Memory Limitation Issue in TiKV

This topic has been translated from a Chinese forum by GPT and might contain errors.

Original topic: tikv内存限制问题

| username: zhanggame1

[TiDB Usage Environment] Production Environment / Testing / Poc
[TiDB Version] 7.5
[Reproduction Path] Operations performed that led to the issue
[Encountered Issue: Problem Phenomenon and Impact]
3 physical machines with 128GB memory, 3 PD, 3 TiDB, 6 TiKV mixed deployment

Running stress test with tpcc:
tiup bench tpcc -H -P 4000 --db test --warehouses 20 --threads 500 --time 10m

Found that TiKV memory usage is very high, eventually causing the machine to freeze

Checked some information and found that there are two parameters storage.block-cache.capacity and memory-usage-limit that can control TiKV memory. How are these two parameters generally set, and if memory usage exceeds the limit, how should TiKV handle and control the memory?

| username: zhanggame1 | Original post link

Finally, I found another issue. After the stress test ended, the memory usage of TiDB quickly decreased, but the memory usage of TiKV did not release much.

| username: Miracle | Original post link

The memory release in TiDB is likely because TiDB does not cache data; it releases the memory once the computation is completed. On the other hand, TiKV does cache data, and after testing, the data remains in memory and is not cleared or released. If TiKV’s memory is insufficient to cache new data, it will clear some old data and then cache the new data. After running for a while, TiKV should maintain a stable memory usage.

| username: Jellybean | Original post link

The usage of memory-usage-limit is related to the deployment architecture of the cluster and usually does not require additional settings. The parameter that needs to be focused on is block-cache.capacity.

This parameter value can typically be set using the following formula:
storage.block-cache.capacity = (MEM_TOTAL * 0.5 / number of TiKV instances)

Once this value is set, TiKV will always occupy the memory specified by this value, using the LRU method to update the cache. Because of this additional layer of caching, the efficiency of accessing TiKV for query tasks can be greatly improved.

If you still find this value too large, you can appropriately reduce the block-cache.capacity value. This value can be dynamically adjusted online without restarting the TiKV cluster. After modifying the TiKV configuration item online, the system will automatically update the TiKV configuration file. However, you still need to use the tiup edit-config command to modify the corresponding configuration item; otherwise, operations like upgrade and reload will overwrite the results of the online configuration changes.

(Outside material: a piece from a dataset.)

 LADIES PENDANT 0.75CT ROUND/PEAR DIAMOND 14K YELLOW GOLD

| username: zhanggame1 | Original post link

If a physical machine has 2 TiKVs, according to the memory-usage-limit chapter, if the TiKV memory is controlled at 40G, I estimate the block-cache.capacity to be 24G. I’m not sure if this is correct.

| username: oceanzhang | Original post link

TiKV uses a first-in, first-out (FIFO) approach and has a concept of a pool.

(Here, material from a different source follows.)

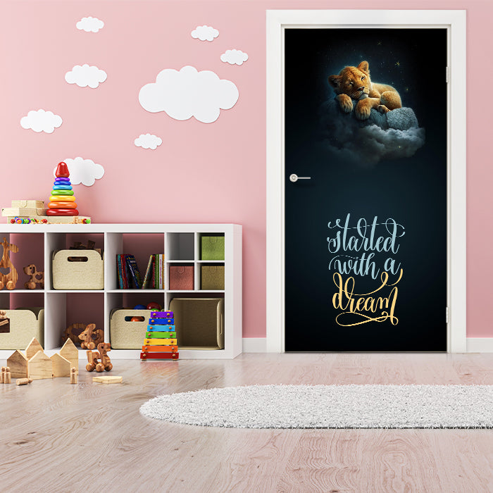 Entdecke die Türtapete schlafender Löwe, Spruch, Motivation

| username: zhanggame1 | Original post link

Setting block-cache.capacity to 24G for stress testing, TiKV memory usage grows to very close to 30G and then stops growing.

30/24=1.25, it can be considered that the maximum memory of TiKV is 1.25 times the block-cache.capacity, which is 5/4.

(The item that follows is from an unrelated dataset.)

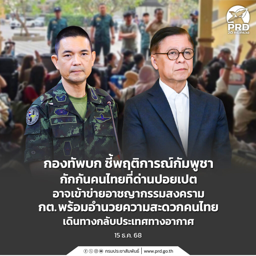 กองทัพบก ชี้พฤติการณ์กัมพูชากักกันคนไทยที่ด่านปอยเปต อาจเข้าข่ายอาชญากรรมสงคราม กต. พร้อมอำนวยความสะดวกคนไทยเดินทางกลับประเทศทางอากาศ

| username: dba远航 | Original post link

block-cache.capacity is just a part of the memory, there are other components.

| username: zhanggame1 | Original post link

Once block-cache.capacity is set, the upper limit of TiKV memory usage is strictly controlled.

| username: wangccsy | Original post link

Do a good job with memory management, don’t try to limit memory usage.

| username: 有猫万事足 | Original post link

memory-usage-limit = block-cache.capacity + write-buffer-size * max-write-buffer-number

I roughly went through the code before. The memory-usage-limit is roughly checked this way.

Generally speaking, lowering the block-cache will definitely help control it.

| username: zhanggame1 | Original post link

Recently, I tested on version 7.5, with three TiKV instances deployed on one machine. The block-cache.capacity setting is 1.25 times the maximum memory usage of TiKV.

| username: tidb菜鸟一只 | Original post link

For three physical machines with 128GB memory each, deploying 3 PD, 3 TiDB, and 6 TiKV in a mixed setup, if each physical machine has 1 PD, 1 TiDB, and 2 TiKV, my suggestion is to set block-cache.capacity to around 15GB, calculated as 128/4*0.45. Setting it too high may affect other components.

| username: zhanggame1 | Original post link

Finally, I gave 24, the maximum value will not exceed 30. Subtracting the 60 occupied by 2 TiKV from 128 still leaves half of the memory available, so there should be no problem.